The following task initializes, validates and plans the terraform configuration:
stages:
- stage: tfvalidate
jobs:
- job: validate
continueOnError: false
steps:
- task: TerraformInstaller@0
inputs:
terraformVersion: '1.5.3'
- task: TerraformTaskV3@3
displayName: init
inputs:
provider: 'azurerm'
command: 'init'
backendServiceArm: 'TFAzureSC'
backendAzureRmResourceGroupName: 'tfstate'
backendAzureRmStorageAccountName: 'tfstatestrg0'
backendAzureRmContainerName: 'tfstatecontainer'
backendAzureRmKey: 'terraform.tfstate'
- task: TerraformTaskV3@3
displayName: validate
inputs:
provider: 'azurerm'
command: 'validate'
- task: TerraformTaskV3@3
displayName: plan
inputs:
provider: 'azurerm'
command: 'custom'
customCommand: 'plan'
commandOptions: '-out $(Pipeline.Workspace)/tfplan'
environmentServiceNameAzureRM: 'TFAzureSC'
Bash script is used to install and configure the required binaries on the virtual machine. Nginx is configured to use the example.com and index.html files which are pulled from a GitHub repository.
#! /bin/bash
sudo apt install nginx -y
sudo unlink /etc/nginx/sites-enabled/default
# add nginx configuration text file here (done)

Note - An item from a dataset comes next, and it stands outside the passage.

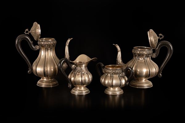 Servizio in argento 800/000 con manici in legno ebanizzato composto da caffettiera, teiera, zuccheriera e lattiera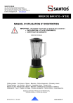 SANTOS SAS : SANTOS : Manuel 140-150 AVENUE ROGERd'utilisation SALENGRO et d’entretien 69120 VAULX-EN-VELIN (LYON) - FRANCE TÉL. 33 (0) 472 37 35 29 - FAX 33 (0) 478 26 58 21 E-Mail :[email protected] www.santos.fr MIXER DE BAR N°33 – N°33E MANUEL D’UTILISATION ET D’ENTRETIEN ! IMPORTANT : documents inclus dans ce manuel et à conserver : • DECLARATION « CE » DE CONFORMITE • CERTIFICAT DE GARANTIE VERSION ORIGINALE Coffee grinders - Fruit juicers - Mixers - Blenders - Drinks dispensers - Planetary mixers Cheese graters - Ice crushers - Mincers - Vegetable slicers – Dough mixer Moulins à café - Presse-fruits - Mixers - Blenders - Distributeurs de boissons - Batteurs mélangeurs - Pétrin - Râpes à fromage - Broyeurs à glaçons - Hache-viande - Coupe-légumes MODELES DEPOSES FRANCE ET INTERNATIONAL INTERNATIONALLY PATENTED MODELS 98133 FR 5.8 - 10 2022 1 / 19 www.santos.fr SANTOS : Manuel d'utilisation et d’entretien SOMMAIRE DECLARATION “CE/UE” DE CONFORMITE ........................................................................... 3 REGLES DE SECURITES ............................................................................................................... 4 CONTRE INDICATIONS ................................................................................................................. 4 INSTALLATION, MANUTENTION ................................................................................................. 5 BRANCHEMENT ELECTRIQUE ; ................................................................................................. 5 1ere MISE EN ROUTE .................................................................................................................... 6 RECYCLAGE DU PRODUIT EN FIN DE VIE ............................................................................... 7 VOTRE MIXER DE BAR N°33 ....................................................................................................... 8 UTILISATION DE L’APPAREIL ................................................................................................... 8 MISE EN ROUTE : .......................................................................................................................... 8 Montage et préparation : .............................................................................................................. 8 NETTOYAGE :................................................................................................................................. 9 STOCKAGE : ................................................................................................................................... 9 MAINTENANCE ............................................................................................................................. 10 Pièces détachées : .......................................................................................................................... 10 Non usage prolongé : ..................................................................................................................... 10 Remplacement du système d'accouplement : ................................................................................. 10 Démontage de la partie motrice (moteur) : (Fig. E) ..................................................................... 11 Montage de la partie motrice (moteur) (Fig. F) :.......................................................................... 11 Démontage de la partie réceptrice (couteaux) : ............................................................................ 12 Montage de la partie réceptrice (couteaux) (Fig. H) : .................................................................. 13 AIDE AU DEPANNAGE ................................................................................................................ 14 L'appareil ne démarre pas :........................................................................................................... 14 L'appareil s'arrête suite à une chauffe moteur : (le bloc moteur est chaud) ................................. 14 L'appareil s'arrête suite à une surcharge : .................................................................................... 14 Le moteur fonctionne mais les couteaux ne tournent pas :............................................................ 15 CARACTERISTIQUES TECHNIQUES DE L’APPAREIL ...................................................... 16 Schéma électrique 110-120V 50/60Hz N°33 ................................................................................ 17 Interrupteur présence bolSchéma électrique 110-120V 50/60Hz N°33E ..................................... 17 Schéma électrique 220-240V 50/60Hz N°33 ................................................................................ 18 Schéma électrique 220-240V 50/60Hz N°33E .............................................................................. 18 CERTIFICAT DE GARANTIE ................................................................................................... 19 PLAQUE SIGNALETIQUE DE L’APPAREIL ........................................................................ 19 98133 FR 5.8 - 10 2022 2 / 19 www.santos.fr SANTOS : Manuel d'utilisation et d’entretien DECLARATION “CE/UE” DE CONFORMITE LE FABRICANT : SANTOS SAS - 140-150, Av. Roger SALENGRO 69120 VAULX-EN-VELIN (LYON) FRANCE Déclare que l’appareil destiné à être mis sur le marché professionnel, désigné ci-après : Désignation : Numéro de type : BLENDER, MIXER 33, 33C, 33E, 33CE est conforme : • aux dispositions réglementaires définies par l’annexe 1 de la directive européenne "machines" n°2006/42/CE, et aux législations nationales la transposant. • aux dispositions réglementaires des directives et règlements européens suivants : o o o o o o N° 2014/35/UE (Directive basse tension) N° 2014/30/UE (Directive CEM) N° 2011/65/UE (Directive RoHS) N° 20

cd /etc/nginx/sites-available/
sudo git init
sudo git remote add origin https://github.com/potdartapan/webserver
sudo git fetch origin
sudo git checkout origin/main -- example.com
sudo ln -s /etc/nginx/sites-available/example.com /etc/nginx/sites-enabled/ #link new configuration file
sudo systemctl restart nginx
sudo mkdir /var/www/example.com
#pull index.html and rest of the website files to /var/www/example.com
cd /var/www/example.com
sudo git init
sudo git remote add origin http://github.com/potdartapan/webserver
sudo git fetch origin
sudo git checkout origin/main -- index.html
We can execute apply.yml pipeline to provision the resources and deploy Nginx Web Server. Copy and paste the public ip address of the virtual machine into the browser to visit the web server.

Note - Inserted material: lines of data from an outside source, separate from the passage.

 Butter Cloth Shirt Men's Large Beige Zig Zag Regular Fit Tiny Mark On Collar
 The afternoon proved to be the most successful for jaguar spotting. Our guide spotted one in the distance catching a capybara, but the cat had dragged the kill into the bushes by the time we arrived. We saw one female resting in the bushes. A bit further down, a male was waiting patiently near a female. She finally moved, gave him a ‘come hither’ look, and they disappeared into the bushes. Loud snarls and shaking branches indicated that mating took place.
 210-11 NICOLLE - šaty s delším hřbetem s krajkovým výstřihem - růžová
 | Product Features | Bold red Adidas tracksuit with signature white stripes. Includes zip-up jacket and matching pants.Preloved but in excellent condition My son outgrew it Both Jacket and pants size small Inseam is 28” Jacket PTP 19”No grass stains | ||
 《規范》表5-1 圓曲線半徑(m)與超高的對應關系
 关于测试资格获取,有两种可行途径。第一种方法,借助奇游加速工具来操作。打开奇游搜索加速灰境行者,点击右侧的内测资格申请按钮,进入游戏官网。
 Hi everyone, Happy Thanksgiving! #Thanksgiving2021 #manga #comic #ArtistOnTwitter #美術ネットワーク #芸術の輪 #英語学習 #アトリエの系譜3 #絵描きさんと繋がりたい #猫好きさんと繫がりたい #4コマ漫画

The above solution successfully automates the provisioning and configuration of Nginx web server on Azure. Terraform is used to provision the infrastructure to cloud. Azure Devops is used to perform pre-commit checks using TFlint and Chekov and to execute the deployment. The web server can be accessed by visiting the public ip address of the virtual machine. Infrastructure can be destroyed using the destroy.yml pipeline to ensure unwanted charges are not accrued.